-- Opening Marker --

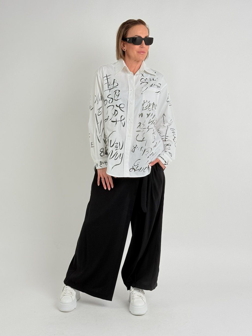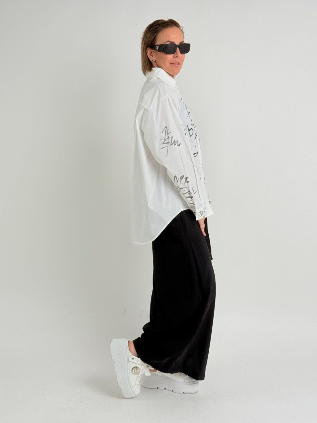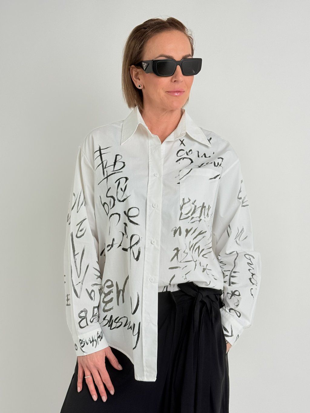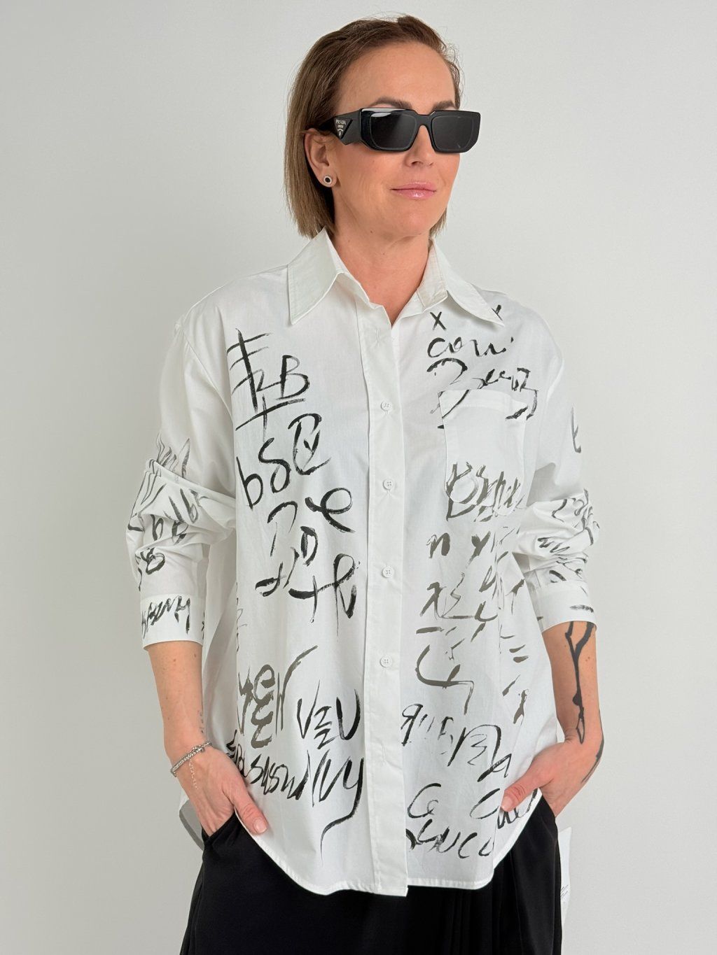 Krásna košeľa nadrozmernej veľkosti s čiernou a sivou potlačou na prednej strane, predĺženým chrbtom, golierom a zapínaním na gombíky.
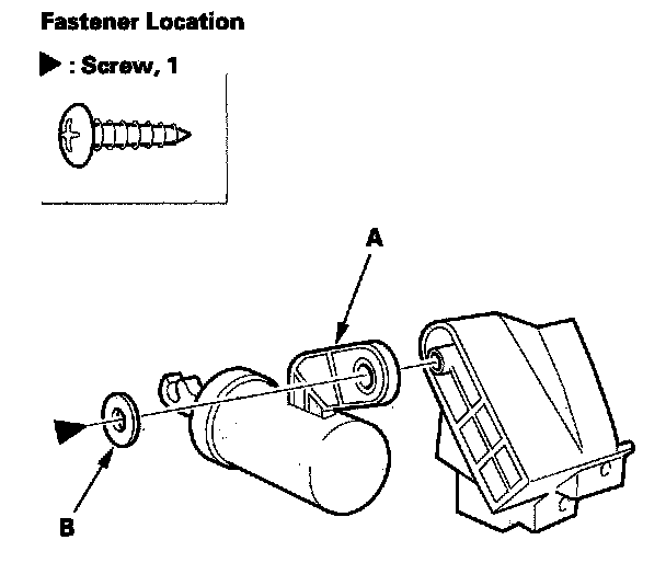 3. Remove the screw, then remove the glove box damper (A) and washer (B).
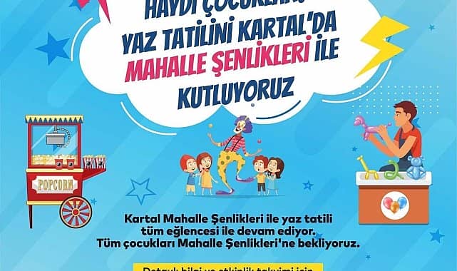 Kartal Belediyesi, yaz tatiline giren öğrencileri, birbirinden renkli ve eğlenceli aktivitelerin yer aldığı ‘Mahalle Şenlikleri’ ile buluşturacak. Kartal’ın 20 mahallesinde düzenlenecek Mahalle Şenlikleri yarın başlıyor. ‘Haydi Çocuklar! Yaz Tatilini Kartal’da Mahalle Şenlikleri ile Kutluyoruz’ sloganıyla yapılacak etkinliklerde, çocuklar arkadaşlarıyla birlikte zaman geçirip çeşitli oyunlar oynaması hedefleniyor. Mahalle Şenlikleri’nin ilki 4 Temmuz Salı günü (yarın) Uğur Mumcu Mahallesi, Uğur Mumcu Kültür Merkezi bahçesinde 15.00-19.00 saatleri arasında yapılacak. 5 Temmuz Çarşamba günü Yakacık Çarşı Mahallesi’nde yer alan Bayram Demirkol Parkı’nda devam edecek eğlence, 18 Ağustos Cuma gününe kadar Kartal’ın tüm mahallelerine taşınacak.Kartal Belediye Başkanı Gökhan Yüksel, “Kartal Belediyesi olarak, yaz tatilinde Kartallı çocuklarımız ile eğlence dolu anlar yaşayacağımız Mahalle Şenliği’ne hazırlanıyoruz” dedi.
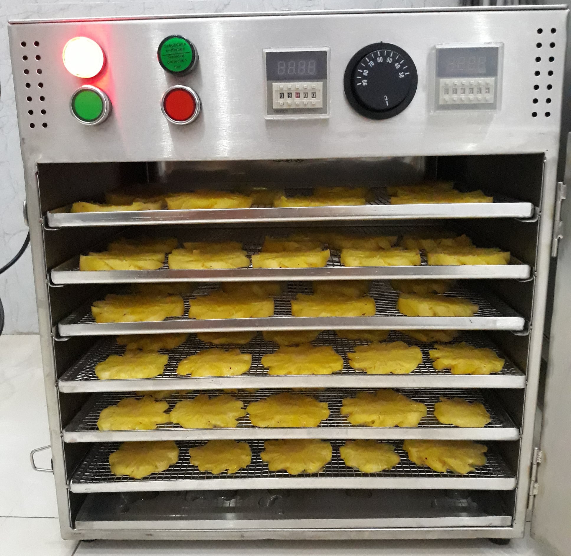Bước 3: Cho thơm đã cắt lát vào từng khay sấy inox, tiến hành điều chỉnh các thông số nhiệt độ, thời gian, tách ẩm phù hợp,... Theo đó, thời gian hoàn thành mẻ sấy 5 - 7 giờ đồng hồ. Lưu ý, với thơm dẻo, dòng khay sấy thích hợp là loại khay dạng lỗ hoặc dạng lưới.
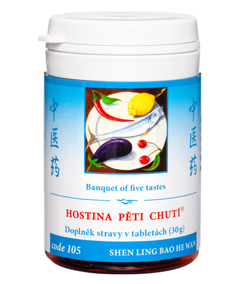 Popis dle TCM - Jedná se o modifikaci originální tradiční čínské bylinné směsi SHEN LING BAO HE WAN, která je upravena na dnešní poměry. Tato bylinná směs je užívána velice často, neboť odstraňuje stagnaci potravy JI SHI ze žaludku WEI, která následně způsobuje nadýmání, pocit plnosti v břiše a špatné trávení jako je říhání, pálení žáhy nevolnost, měkká stolice apod. Obzvláště patrné jsou tyto potíže u starších lidí (trávicí systém je již „unaven“) či naopak u dětí (trávicí systém ještě není rozvinut). Avšak zdá se, že v dnešní době by potřeboval tuto formuli téměř každý... Nebo znáte snad ve svém okolí někoho, kdo dodržuje všechny zásady správné výživy, stravuje se střídmě, pravidelně a v klidu?! Rovněž i byliny, obsažené ve směsi odvádí tzv. vlhké horko SHI/RE (vzniká díky dlouhodobé stagnaci potravy JI SHI) ze středního ohniště XIA JIAO, posiluje slezinu PI QI XU a žaludek WEI QI XU a harmonizuje trávení. Odblokovává i stagnaci energie čchi QI ZHI v žaludku WEI a rozprouďuje energii čchi QI ZHI v oblasti středního ohniště ZHONG JIAO.
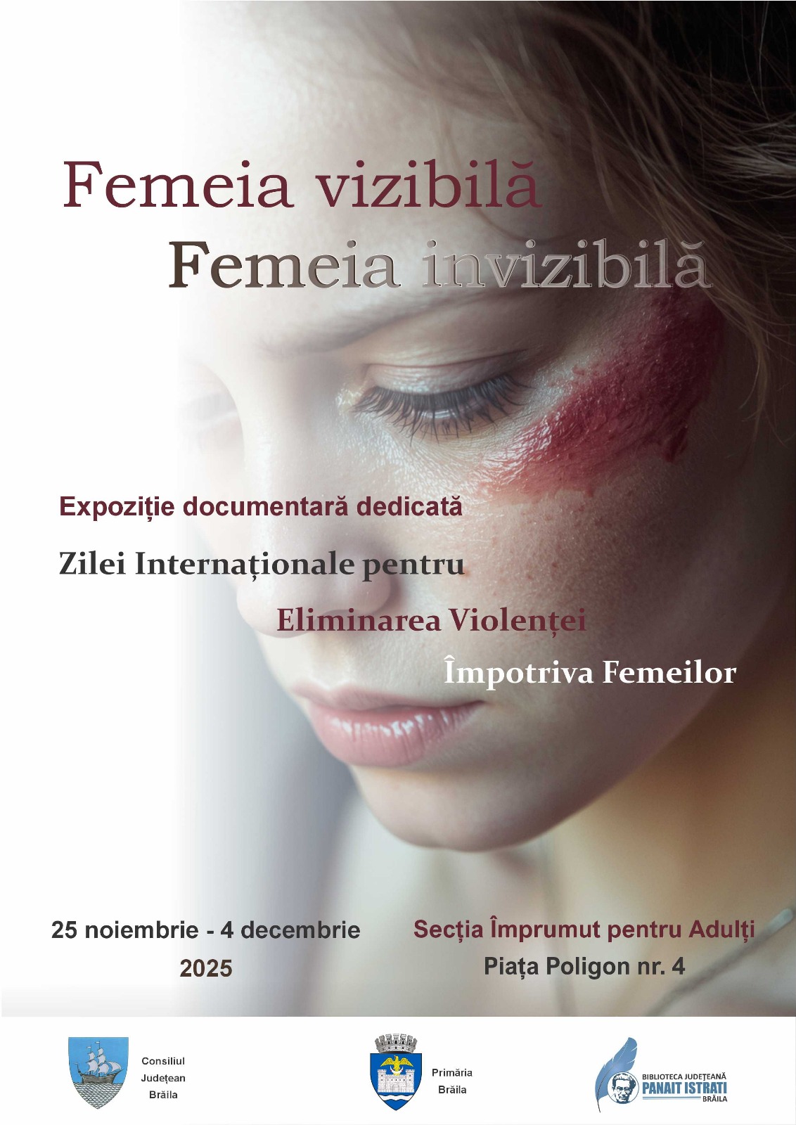 Biblioteca “Panait Istrati” Braila Piața Poligon nr. 4, Brăila, Brăila, RomâniaÎn perioada 25 noiembrie - 4 decembrie 2025 Secția Împrumut Carte pentru Adulți din cadrul Bibliotecii organizează o expoziție documentară cu ocazia Zilei Internaționale pentru Eliminarea Violenței împotriva femeilor. Expoziția intitulată ,,Femeia vizibilă, femeia invizibilă" conține volume aflate în colecțiile […]

-- Closing Marker --

• The problem: Where a picture appears, omit it; otherwise reproduce each line above from the first to the one with "3. Remove the", inclusive.

• Finished exercise:
 Krásna košeľa nadrozmernej veľkosti s čiernou a sivou potlačou na prednej strane, predĺženým chrbtom, golierom a zapínaním na gombíky.
 3. Remove the screw, then remove the glove box damper (A) and washer (B).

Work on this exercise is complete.